## WHAT IS BEING ASKED
Print each entry as it appears. Images stay out of the copy.

## INFORMATION SHOWN
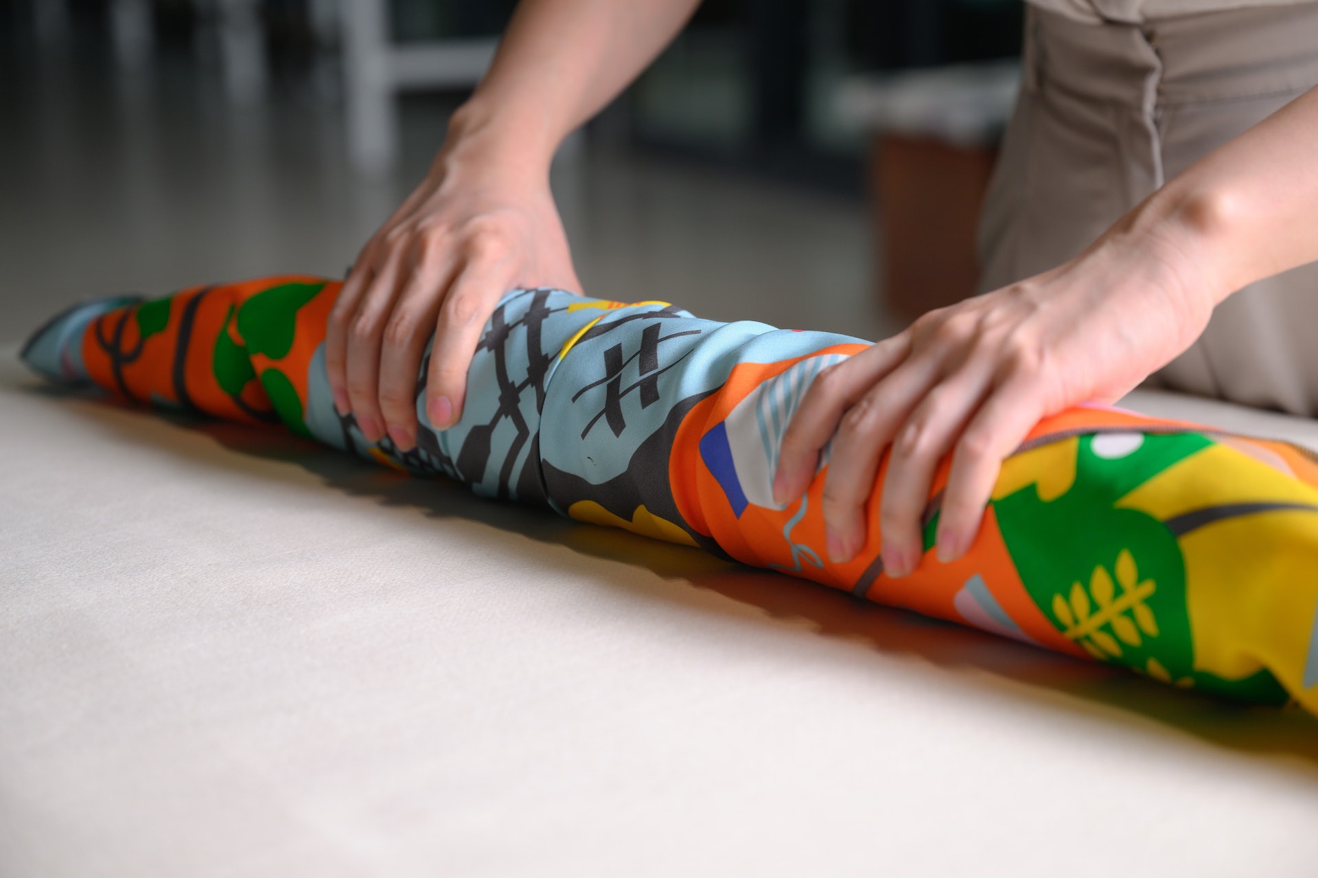 最後的縫紉及包裝工序,則與2019年榮獲亞洲設計大獎的本地社企睿程製作社合作,他們致力為有需要人士如長者和殘疾人士設計專屬的時尚服飾,並讓貧困人士參與製作,提供靈活的工作安排。至於風呂敷的設計就出自插畫家及設計工作室Pop & Zebra之手,其設計充滿想像,色彩豐富而具有異國風味,結合成員來自坦桑尼亞的背景以及熱愛流行文化的特色,並且擅於視覺敘事,是次設計的圖案具有概念性相當耐人尋味。
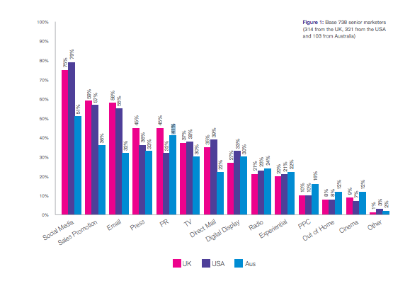而社交、公关和促销的主要渠道,只有30%的澳大利亚商人表示,他们将使用电视。
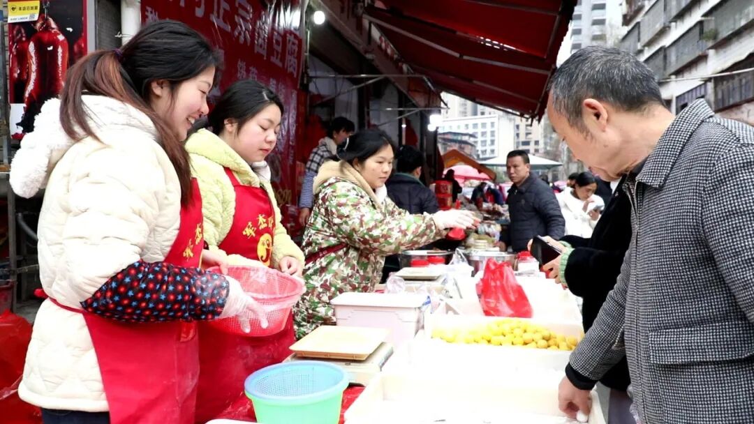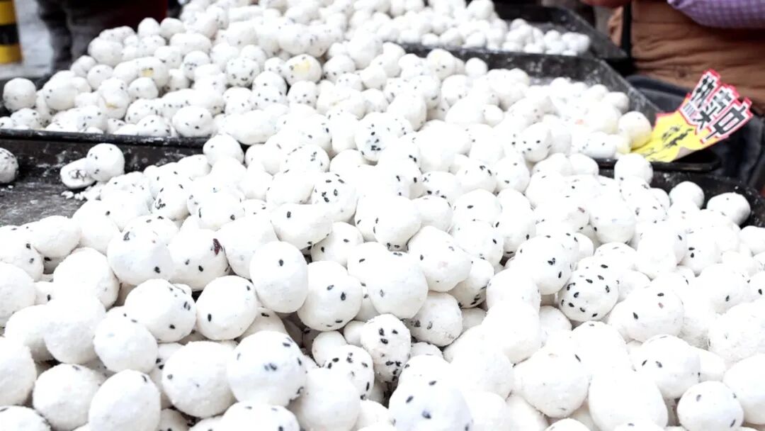 在塘渡口农贸市场,手工汤圆摊位前更是人头攒动。摊主们身着工作服,熟练地舀起黑芝麻、花生馅料,在糯米粉中反复滚动,一个个圆润饱满的汤圆很快成型。新鲜现做的手工汤圆香气四溢,吸引了很多市民驻足购买。
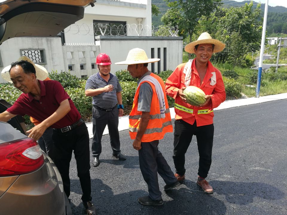 黨支部書記李惠明現(xiàn)場發(fā)放防暑降溫用品,表示慰問
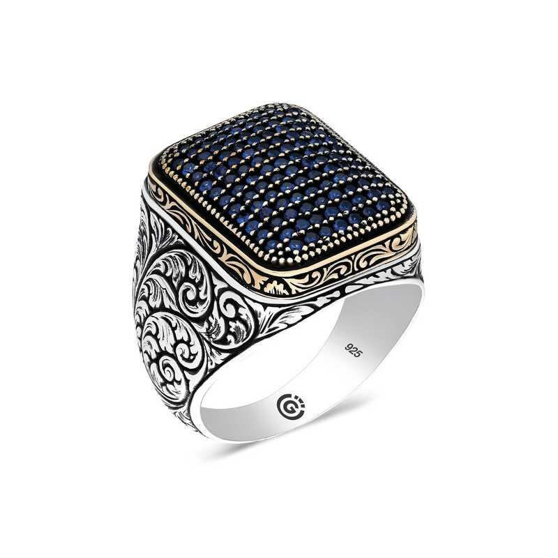 Silver Navy Blue Zircon Stone Square Men's Ring This men's ring model, made of zircon navy blue stone stones on silver, is a stylish accessory that you can use at any time of the day. You can gift this ring to yourself or your loved ones on your birthday, Father's Day or special occasions. The navy blue stone men's ring model is made of 925 sterling silver. Oxide coating is applied on the silver. Oxide coated silver men's ring models preserve their shine for a long time. As with all men's rings, the silver zircon navy blue stone men's ring model is also handmade. Due to silver and precious stones, there may be ± 10% deviation in the average product weight.Width: 2.50 cmLength: 3.00 cmAvg. Weight: 16 g.

## ANSWER SECTION
 最後的縫紉及包裝工序,則與2019年榮獲亞洲設計大獎的本地社企睿程製作社合作,他們致力為有需要人士如長者和殘疾人士設計專屬的時尚服飾,並讓貧困人士參與製作,提供靈活的工作安排。至於風呂敷的設計就出自插畫家及設計工作室Pop & Zebra之手,其設計充滿想像,色彩豐富而具有異國風味,結合成員來自坦桑尼亞的背景以及熱愛流行文化的特色,並且擅於視覺敘事,是次設計的圖案具有概念性相當耐人尋味。
而社交、公关和促销的主要渠道,只有30%的澳大利亚商人表示,他们将使用电视。
 在塘渡口农贸市场,手工汤圆摊位前更是人头攒动。摊主们身着工作服,熟练地舀起黑芝麻、花生馅料,在糯米粉中反复滚动,一个个圆润饱满的汤圆很快成型。新鲜现做的手工汤圆香气四溢,吸引了很多市民驻足购买。
 黨支部書記李惠明現(xiàn)場發(fā)放防暑降溫用品,表示慰問
 Silver Navy Blue Zircon Stone Square Men's Ring This men's ring model, made of zircon navy blue stone stones on silver, is a stylish accessory that you can use at any time of the day. You can gift this ring to yourself or your loved ones on your birthday, Father's Day or special occasions. The navy blue stone men's ring model is made of 925 sterling silver. Oxide coating is applied on the silver. Oxide coated silver men's ring models preserve their shine for a long time. As with all men's rings, the silver zircon navy blue stone men's ring model is also handmade. Due to silver and precious stones, there may be ± 10% deviation in the average product weight.Width: 2.50 cmLength: 3.00 cmAvg. Weight: 16 g.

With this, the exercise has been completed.